Data:
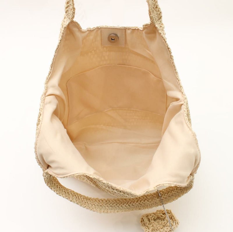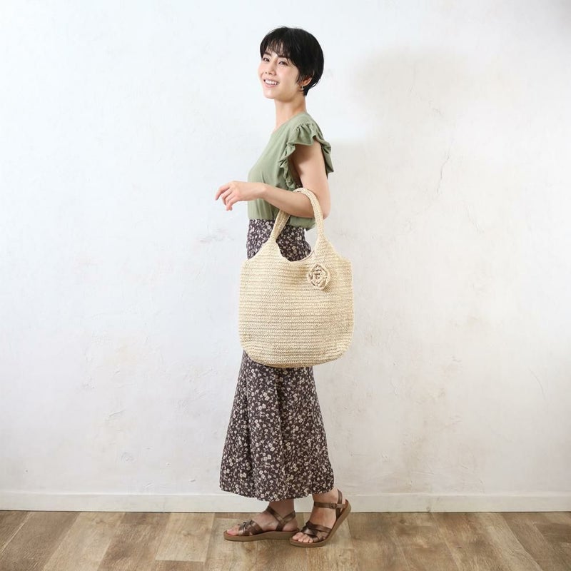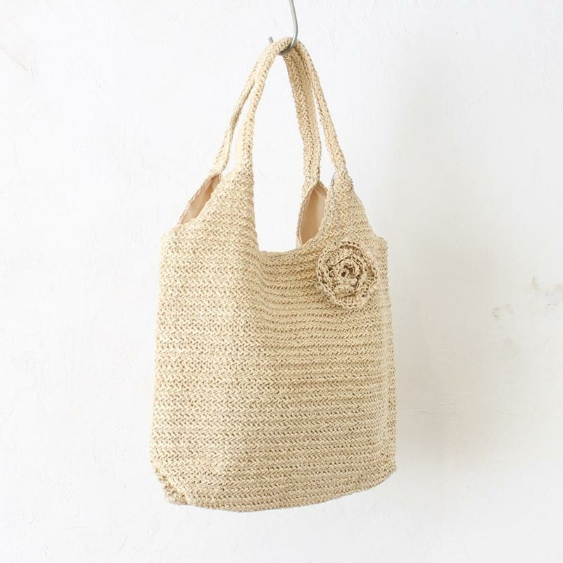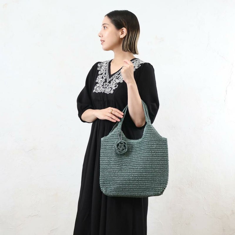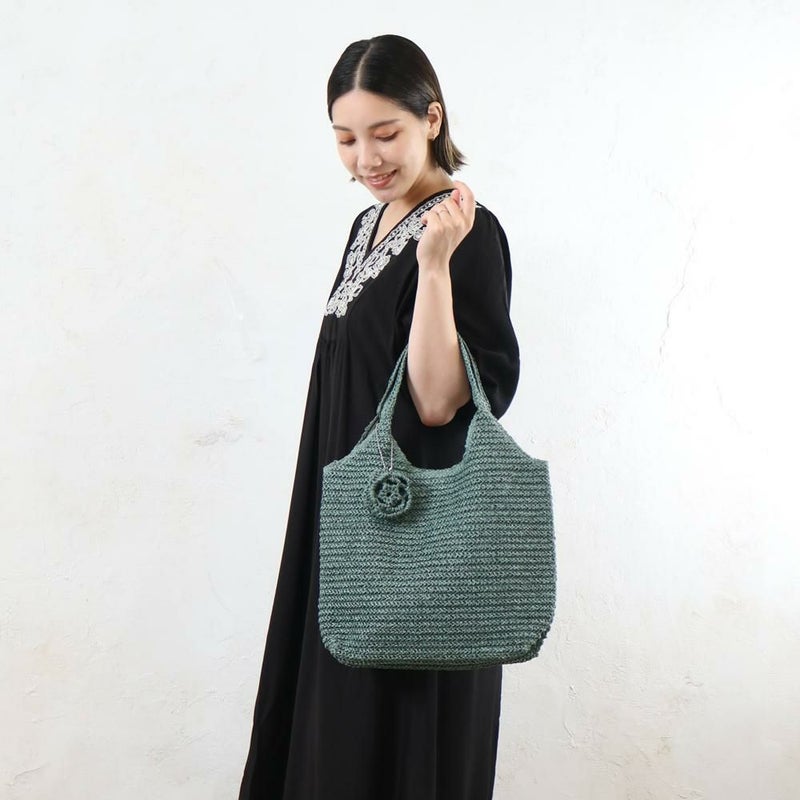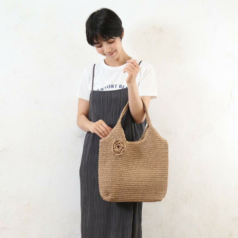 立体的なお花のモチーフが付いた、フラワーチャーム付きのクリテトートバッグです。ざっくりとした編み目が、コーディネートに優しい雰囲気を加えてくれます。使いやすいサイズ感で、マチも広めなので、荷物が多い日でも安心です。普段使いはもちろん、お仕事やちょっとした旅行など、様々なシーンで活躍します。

---

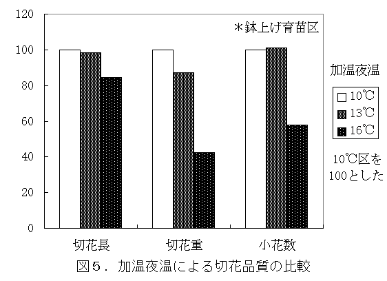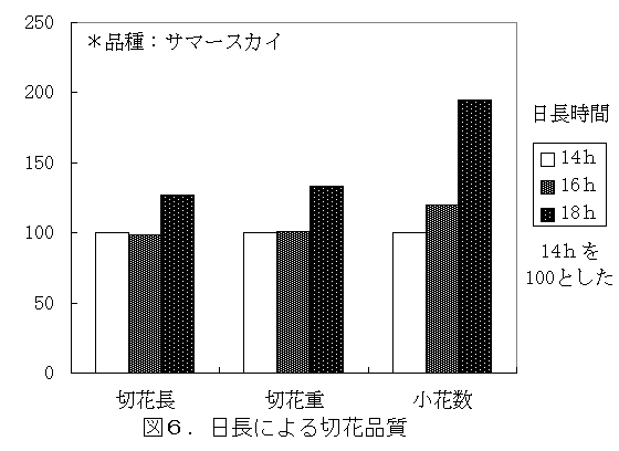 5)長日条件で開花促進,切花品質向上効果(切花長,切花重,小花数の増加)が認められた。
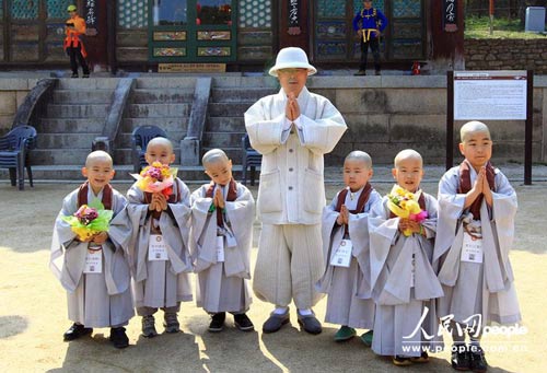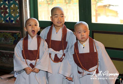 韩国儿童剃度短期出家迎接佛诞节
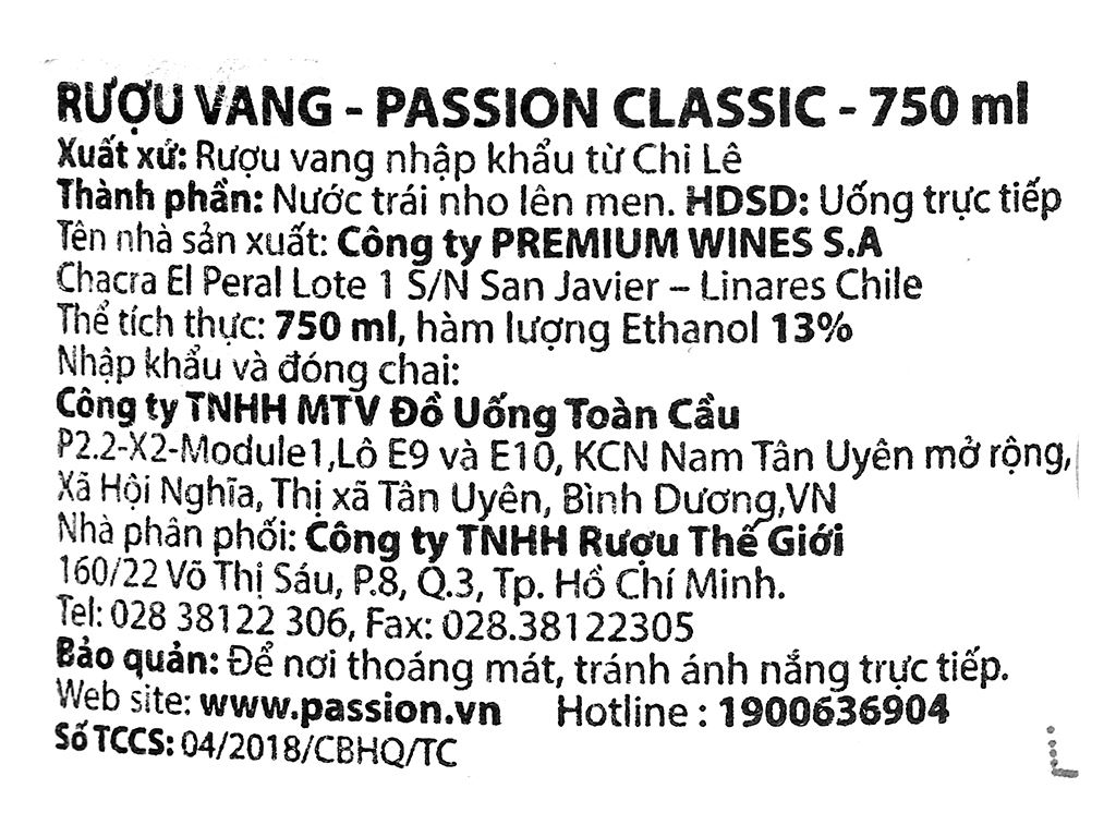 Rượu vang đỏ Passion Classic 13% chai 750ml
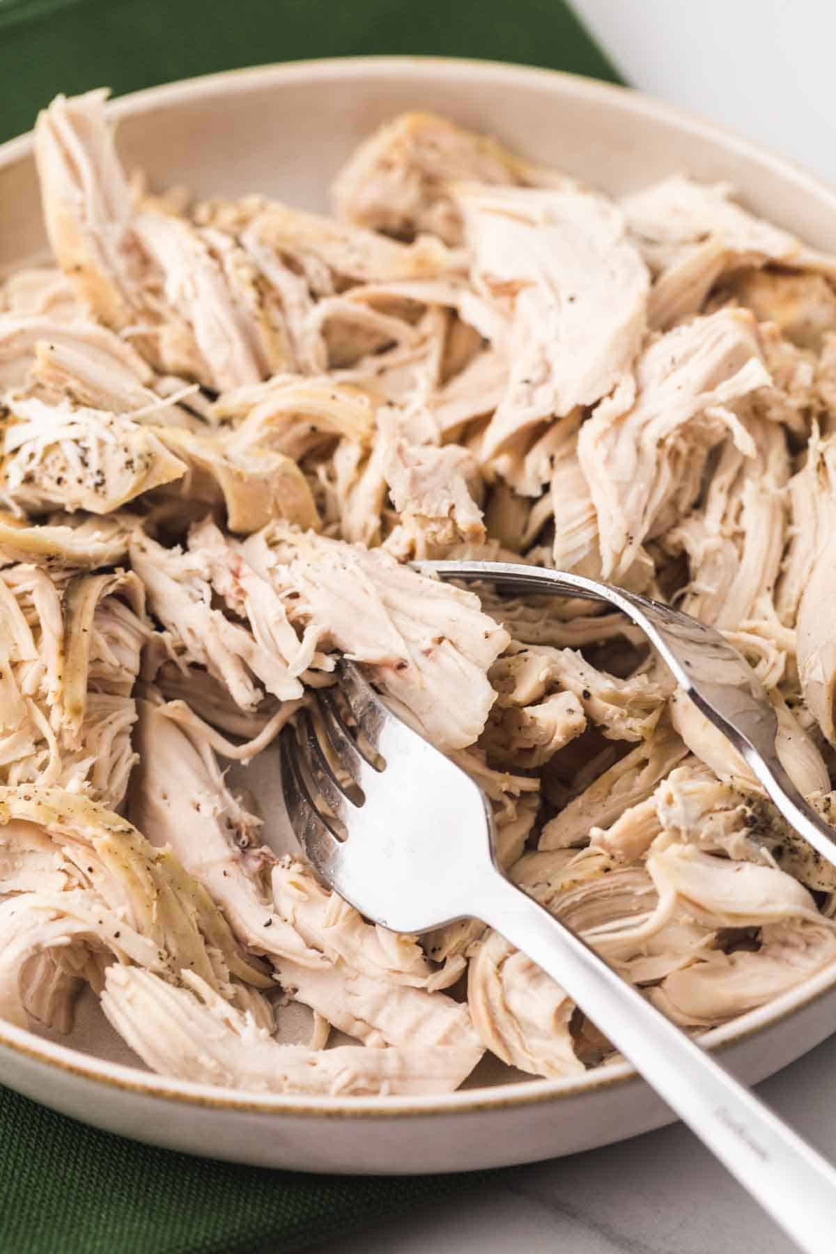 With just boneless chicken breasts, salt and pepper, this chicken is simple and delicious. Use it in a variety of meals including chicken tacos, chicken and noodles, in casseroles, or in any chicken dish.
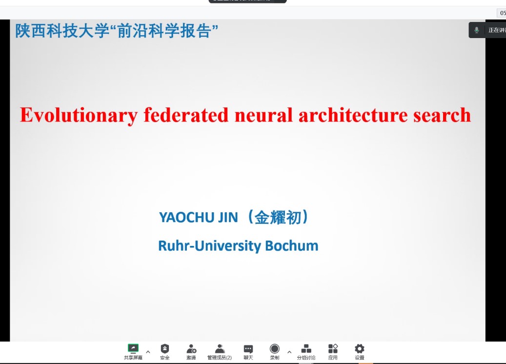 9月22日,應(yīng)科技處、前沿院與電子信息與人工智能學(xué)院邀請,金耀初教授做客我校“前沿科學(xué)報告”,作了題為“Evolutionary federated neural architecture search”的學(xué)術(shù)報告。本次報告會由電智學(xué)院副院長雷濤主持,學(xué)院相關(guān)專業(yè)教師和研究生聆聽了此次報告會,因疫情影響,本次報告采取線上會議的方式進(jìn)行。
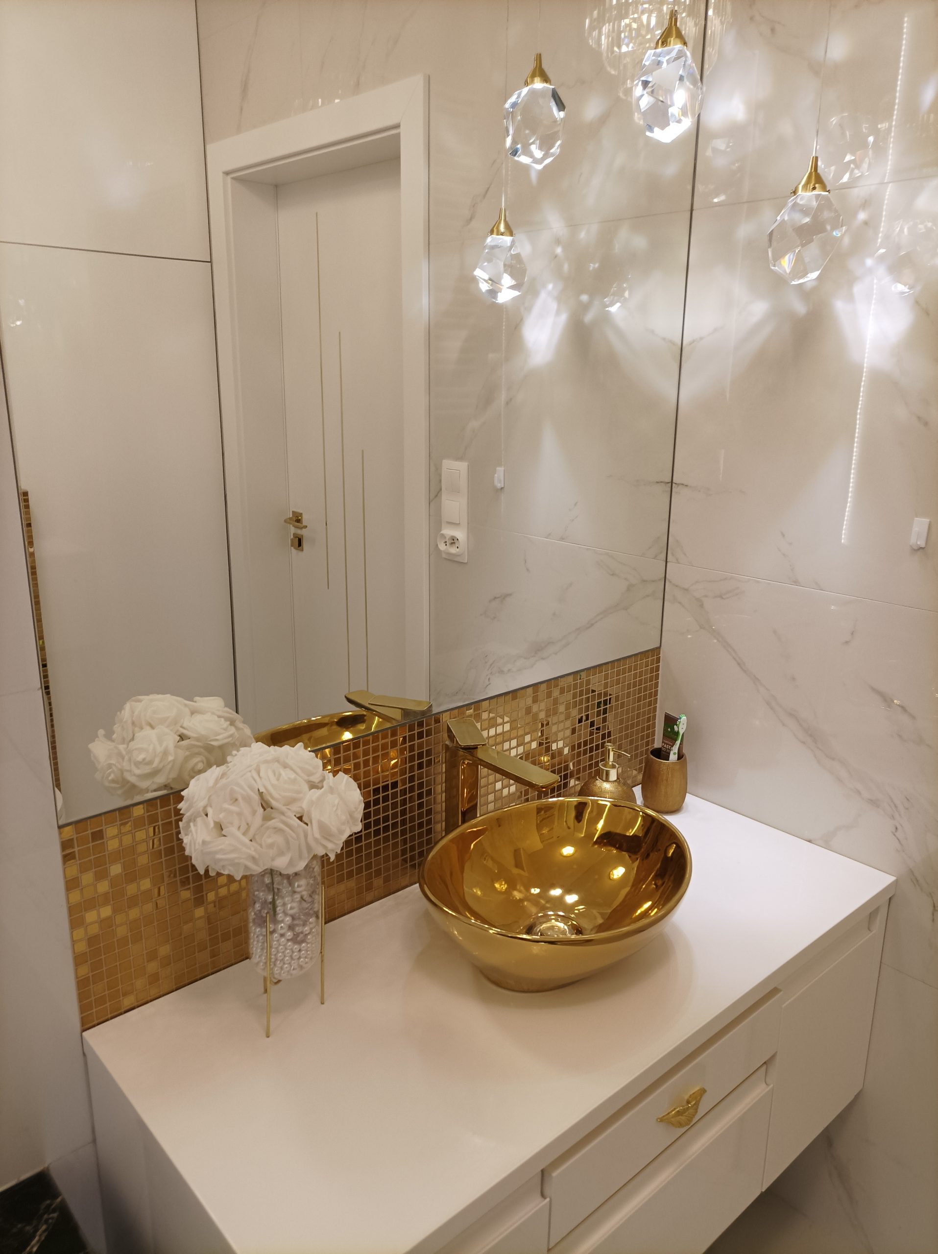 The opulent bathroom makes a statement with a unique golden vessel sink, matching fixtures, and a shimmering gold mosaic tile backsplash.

Prompt: Looking above, find the stretch of lines that opens with the one holding "5)長日条件で開花促進,切花" and closes with the one holding "The opulent bathroom". Copy it exactly, pictures excluded.

Answer space:
 5)長日条件で開花促進,切花品質向上効果(切花長,切花重,小花数の増加)が認められた。
 韩国儿童剃度短期出家迎接佛诞节
 Rượu vang đỏ Passion Classic 13% chai 750ml
 With just boneless chicken breasts, salt and pepper, this chicken is simple and delicious. Use it in a variety of meals including chicken tacos, chicken and noodles, in casseroles, or in any chicken dish.
 9月22日,應(yīng)科技處、前沿院與電子信息與人工智能學(xué)院邀請,金耀初教授做客我校“前沿科學(xué)報告”,作了題為“Evolutionary federated neural architecture search”的學(xué)術(shù)報告。本次報告會由電智學(xué)院副院長雷濤主持,學(xué)院相關(guān)專業(yè)教師和研究生聆聽了此次報告會,因疫情影響,本次報告采取線上會議的方式進(jìn)行。
 The opulent bathroom makes a statement with a unique golden vessel sink, matching fixtures, and a shimmering gold mosaic tile backsplash.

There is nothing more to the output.